Some bats that inhabit the cave.

Some bats that inhabit the cave.

I was able to visit the cave with TDNA Zoologist David Withers in February and confirmed the looting of prehistoric deposits. Although few artifacts were present in the looter’s pit, our inspection did recover a freshwater mussel shell that was not native to the cave, as well as significant amounts of charcoal in the profile. This charcoal layer was directly associated with the shell and suggests a prehistoric occupation. During this visit we also toured the rest of the cave and found more evidence of prehistoric activity as well as modern garbage. A return visit with TDOA Archaeologist Aaron Deter-Wolf allowed me to better inspect the looter’s pit and to take carbon samples that will be dated later this year.

Sarah Levithol investigates the looter’s pit at the cave entrance.

Sarah Levithol investigates the looter’s pit at the cave entrance.

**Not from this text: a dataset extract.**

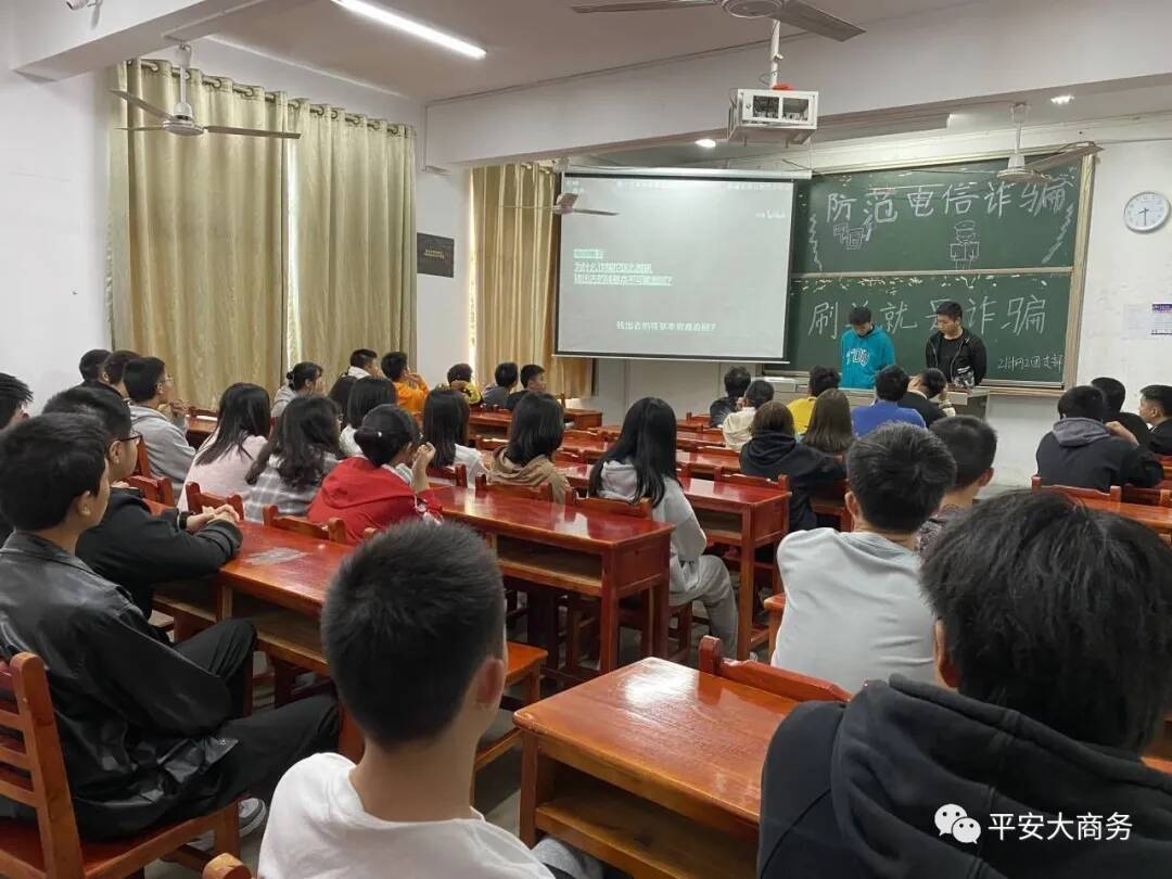 2021年11月2日为了响应学校“无诈校园”的号召,提高广大学生的防诈骗意识,增强防诈骗能力,让更多学生来关注校园诈骗,让更多的大学生对校园诈骗引起足够重视,学校举行了关于防范电信诈骗的主题班会。

While the archaeology conducted during these trips was minimal, the collaboration proved important in other ways. Firstly, until our visit the TDOA site files included no record of prehistoric activity in the cave, and thus we were able to better document the archaeological importance of the site. Secondly, this collaboration has provided further motivation to install a cave gate, which will hopefully be in place next year. The gate will not only protect the vulnerable bat population, but also the archaeological deposits in the cave. A final benefit has been strengthening the relationship between the TDOA and State Natural Areas.This project has demonstrated to both divisions the importance of sharing data, as we are both in the field often and can both provide valuable information to each other. There are plans in the works for each division to hold a workshop where staff are trained about important information from each other’s respective fields. Such training will help the TDOA be better informed about the ecological environments we encounter, and will assist the TDNA in identifying archaeological sites and looting.